Voices is also about a little boy with a brilliant voice which was once recorded on old 45 records, now collectors´ items. And finally, the title refers to Erlendur himself, the taciturn policeman who has such a frail and difficult relationship with his own children. Even though the case does not demand it, he leaves his flat and moves into the hotel, squirming and fidgeting to get away from Christmas and all the social obligations in connection with this season.

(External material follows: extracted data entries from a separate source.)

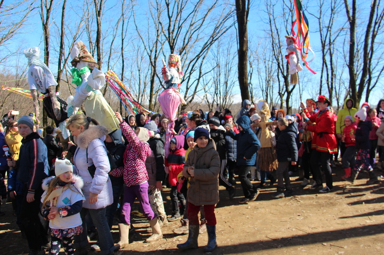 Масленица проходит в нашем Блиновском лесу, от нашего дома 5 минут в гору.
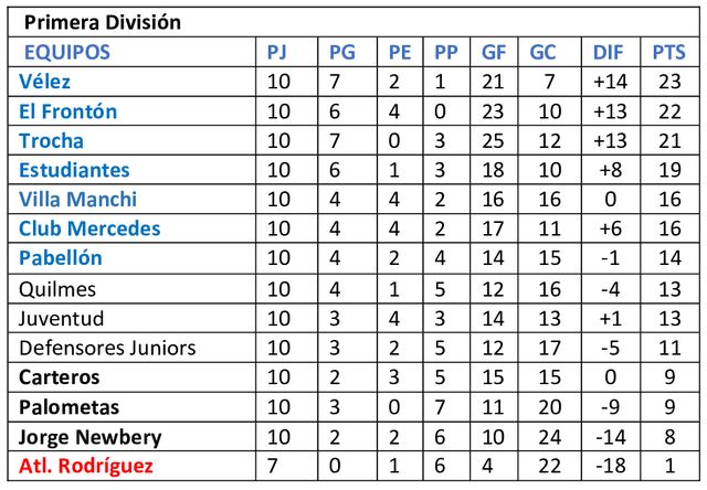21:00 hs. Juventud Vs. El Frontón -PENDIENTE-
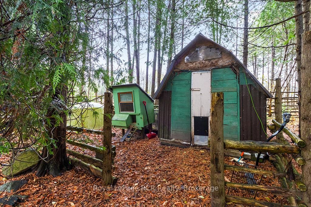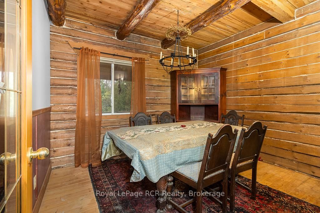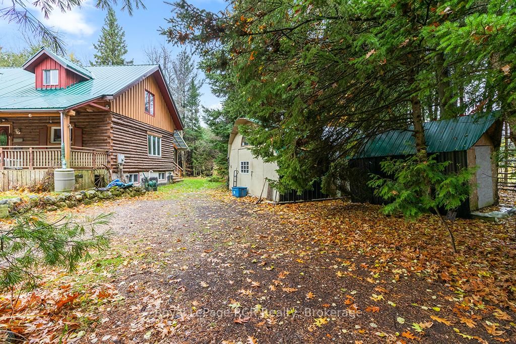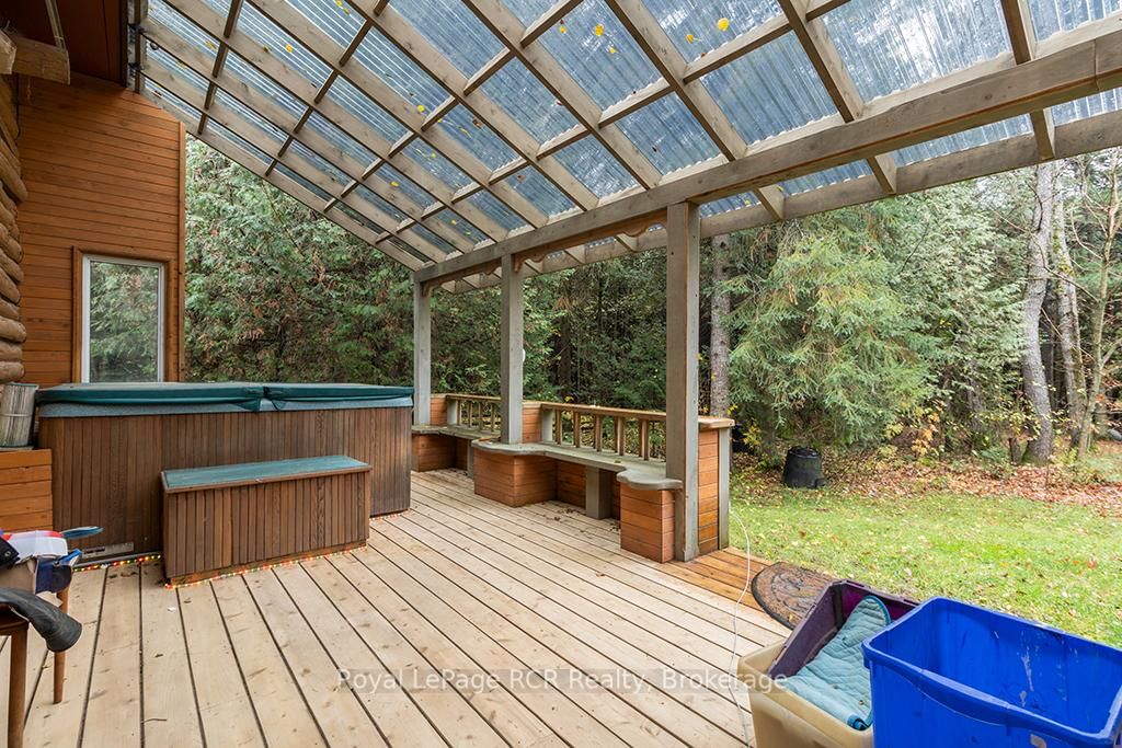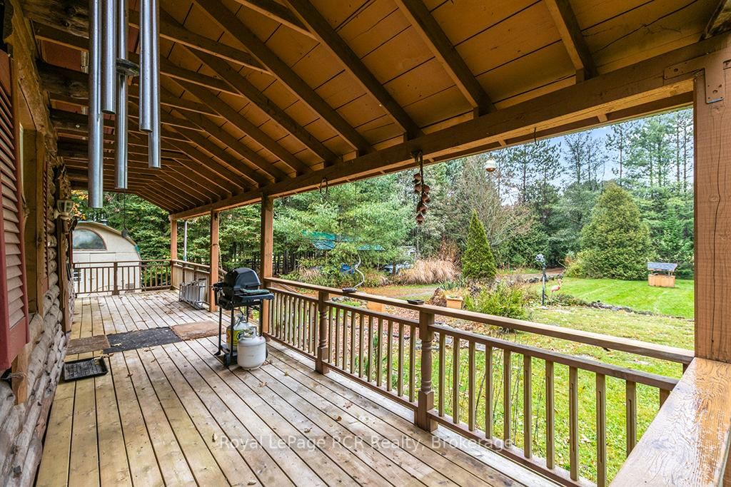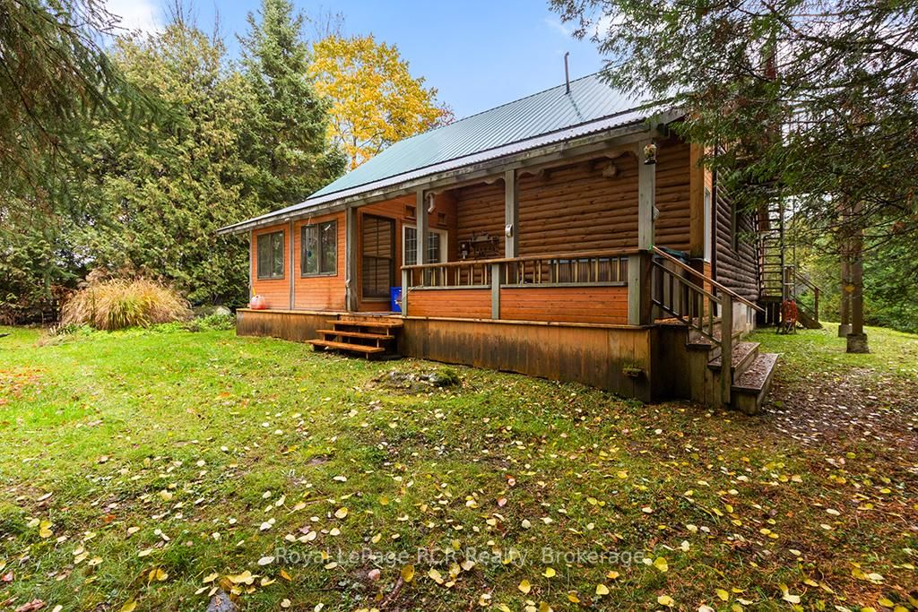 Charming Log Home on Over an Acre - Comfort, Functionality & Country Charm. The 1 1/2 Storey on 132 Crawford Road has 3 bedrooms, 1 bathrooms, and is located on a 413.5 x 125 ft lot in the community of Chatsworth . Whether you're searching for a weekend escape or a year-round retreat, this inviting log home could be the one. Nestled on just over an acre, the property offers privacy, warmth, and easy maintenance. Custom built in 2004, the home features an open-concept design with a rich wood interior and a mix of ash and pine flooring. The kitchen includes oak cabinetry, an island, and a breakfast bar that flows into the dining and living areas-perfect for gathering and entertaining. Two bedrooms and a 4-piece bath complete the main floor, while the upper loft provides a cozy third bedroom with its own private balcony. At the back of the home, you'll find a bright three-season sunroom (10' x 14') with a new UV-protected roof installed in September 2025, as well as a covered porch (11' x 19') equipped with a relaxing hot tub. The lower level is nearly finished, featuring a family room, games area with infrared sauna, laundry space, generous storage, and a rough-in for a future full bath. Recent updates include a metal roof (2023), high-efficiency water softener, propane furnace (2017). There is a 200-amp electrical service with generator backup panel. Outdoors, enjoy cedar decks, three storage sheds, and a detached 16' x 28' insulated workshop with hydro and woodstove heat-ideal for hobbies or projects. The fully fenced yard is perfect for pets and sustainability-minded buyers, offering space for raising some chickens, vegetable gardens, and established edible perennials. Located on a quiet road just off Highway 10, this property offers easy access north to Owen Sound and south to Markdale, with convenient proximity to schools, shopping, and the hospital. The nearby rail trail provides endless opportunities for walking, cycling, and ATVing or snowmobiling. A beautifully maintained log home offering comfort, character, and quiet country living.
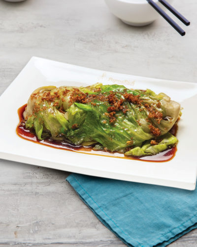 Lettuce served together with oyster sauce topped with crispy fried garlic.
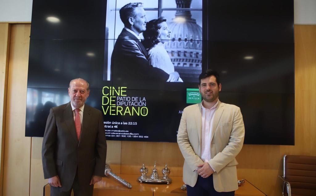 Este jueves ha tenido lugar en la sede de la Diputación de Sevilla la presentación de la programación de la temporada 2020 del Cine de Verano Patio de la Diputación. Fernando Rodríguez Villalobos, presidente del organismo, ha ejercido de maestro de ceremonias ofreciendo toda la información sobre el protocolo bajo el que se va a desarrollar la actividad, como consecuencia de la COVID-19.
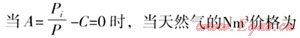 當(dāng)A=0時(shí),天然氣比其它能源種類具有同等經(jīng)濟(jì)性;
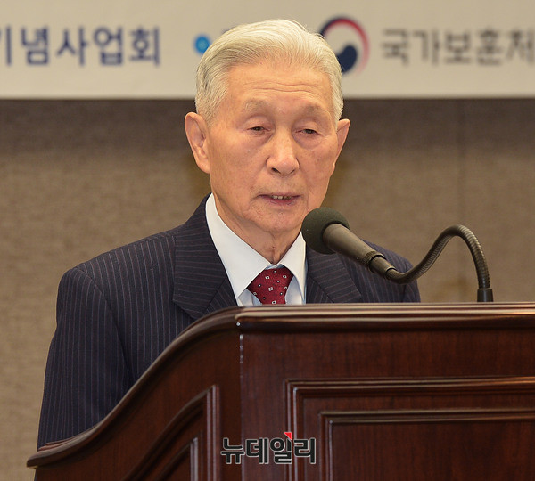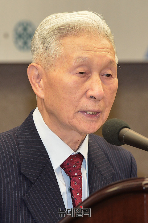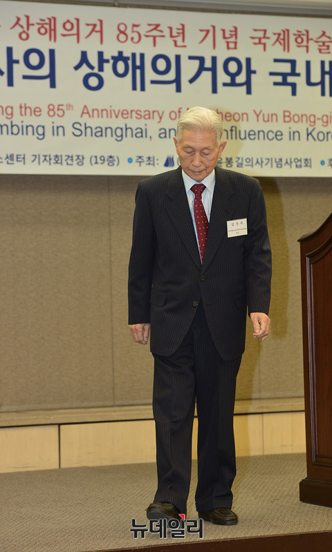 김진우 매헌윤봉길의사기념사업회장이 16일 오전 한국프레스센터에서 열린 '매헌윤봉길의사 상해의거 85주년 기념 국제학술회의'에서 인사말을 하고 있다.
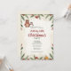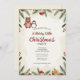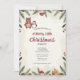 Warm and inviting Christmas party invitation with charming woodland creatures – a friendly bear and a cute penguin wearing festive scarves – nestled among pine branches, holly, and decorative red ornaments. The soft beige background and scattered natural elements create a cozy, cabin-style aesthetic perfect for intimate holiday gatherings and rustic celebrations.
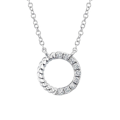 Shy Creation, 14 Karat White Gold, Circle Necklace, With A Half High Polish Braided Style Design And Half Diamond Design, 0.12Cttw. G-H, Si1-Si2
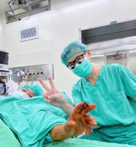 現任杏永醫院骨科部長 呂俊寬醫師 接手急診評估後,告訴梁先生一個重要決定:「你的手指還有機會救回,我可以替你做交指皮瓣重建手術。」這項手術能保留骨頭與與端指關節活動度,使手指不必因傷口覆蓋不足而被迫截短。對長期從事手作工作的梁先生而言,能否保住手指功能,等同影響未來生活、生計與尊嚴。
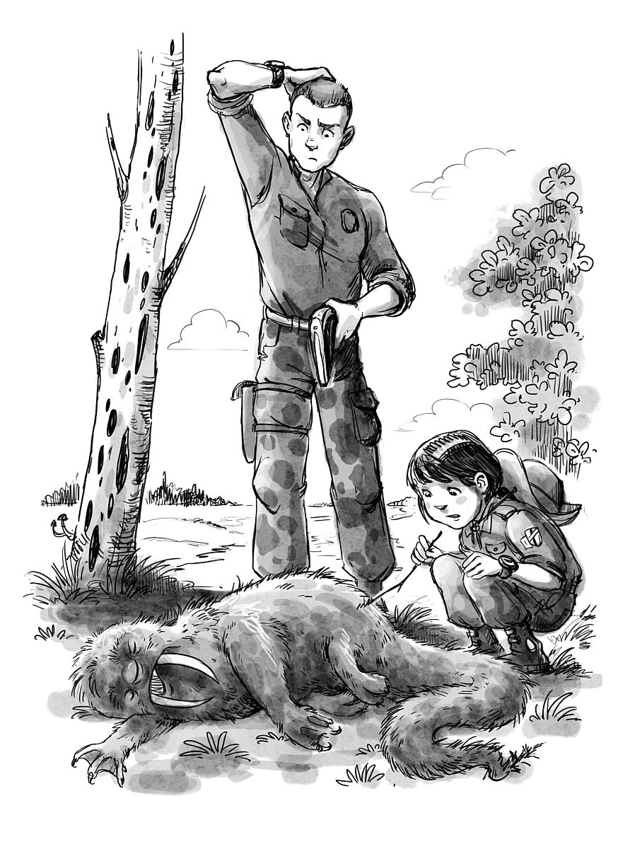 Лиза сидела на корточках возле поверженного «бобра», все смелее тыкая его пальцем в бок.
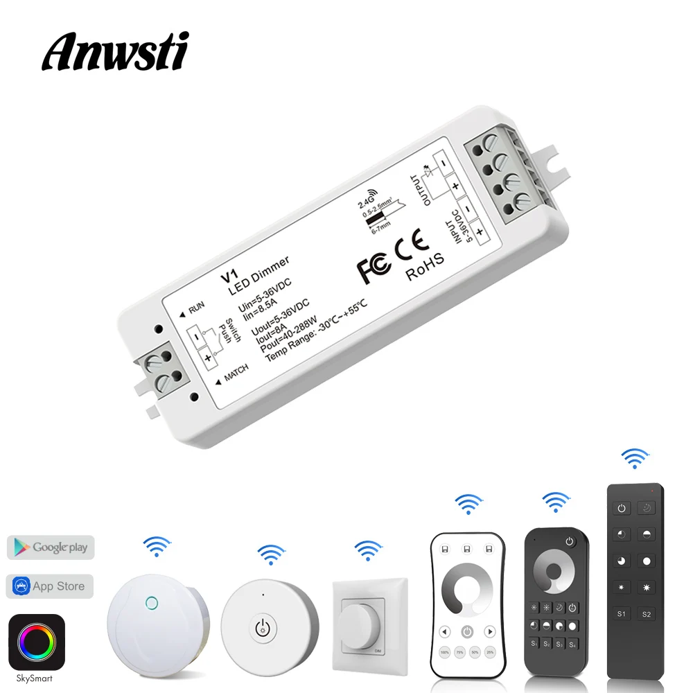 Wi-Fi светодиодный регулятор яркости, 12 В, 24 В, ШИМ, 2,4 ГГц, сенсорный радиочастотный беспроводной пульт дистанционного управления 5 В, 36 В, умный Wi-Fi регулятор яркости для одноцветной светодиодной ленты

An excellent, modern murder mystery, but also the darkest of my handful of Christmas mysteries.

15 comments:

softdrink said...

Congratulations to both of you on your first guest posts! Will you be posting over at Dorte's blog?

Dorte H said...

Softdrink: thank you :D

Louise wrote one for me in November, but I did not have time to write a proper post then.
http://djskrimiblog.blogspot.com/2009/11/lord-meren-mysteries.html

Margot Kinberg said...

Nicely-done, Dorte! I'm impressed. Soon you'll droves of us "groupies" chasing you all over the "blogosphere."

Julia Smith said...

Hi Dorte! *waving*

The Australian Christmas one sounds like decadent fun. I enjoyed all of your previews for Christmas crime stories, and I've really enjoyed your blog exchange program with Louise.

Dorte H said...

Margot: oh, I love the idea of groupies chasing me around! At least as long as the chase is virtual :D

Hi Julia!
"Decadent fun" is an excellent description of Murder in the Dark. I hope you will have time to read some good Christmas mysteries.

Heather said...

visiting from Dorte's blog. Great choice of topics. I have read Christmas romances, but not Christmas crime. cool idea.

Hector Macdonald said...

Hi Lou

I can't find an email address for you, so please forgive me intruding on your comment wall. I’d like to invite you to write about your favorite books at www.bookdrum.com, where you can add information, images, video, music and links to illustrate and explore the books.

Right now, we're running a $3,000 Tournament and we'll be offering contract work to the best entries.

Best wishes

Hector Macdonald
Editor, Book Drum

Beth F said...

Guest posting is such a great idea.

And thanks to you both for this list of great Christmas mysteries. What a fabulous idea.

Dorte H said...

Hi Beth.

I am glad you like the Christmas mysteries :D

stacybuckeye said...

Great Christmasy post :)

Dorte H said...

Heather: sorry I didn´t see you the other day. Christmas crime is quite often of the cozy type so perhaps the main difference is the crime :)

Stacy: thank you!

Esme said...

Louise-Have a wonderful Christmas.

Aarti said...

Hi Lou, I have you down for the next Rosie's Riveters post. If you want to email me at booklustblogger AT gmail DOT com, I can send you the template. Thanks! And happy new year :-)

Book Chick City said...

What a great post - there's lost of new books I can add to my ever growing pile! :) Thanks for joining my Typically British Reading Challenge too. I hope you enjoy it and discover lots of British authors!

Book Chick City said...

What a great post - there's lost of new books I can add to my ever growing pile! :) Thanks for joining my Typically British Reading Challenge too. I hope you enjoy it and discover lots of British authors!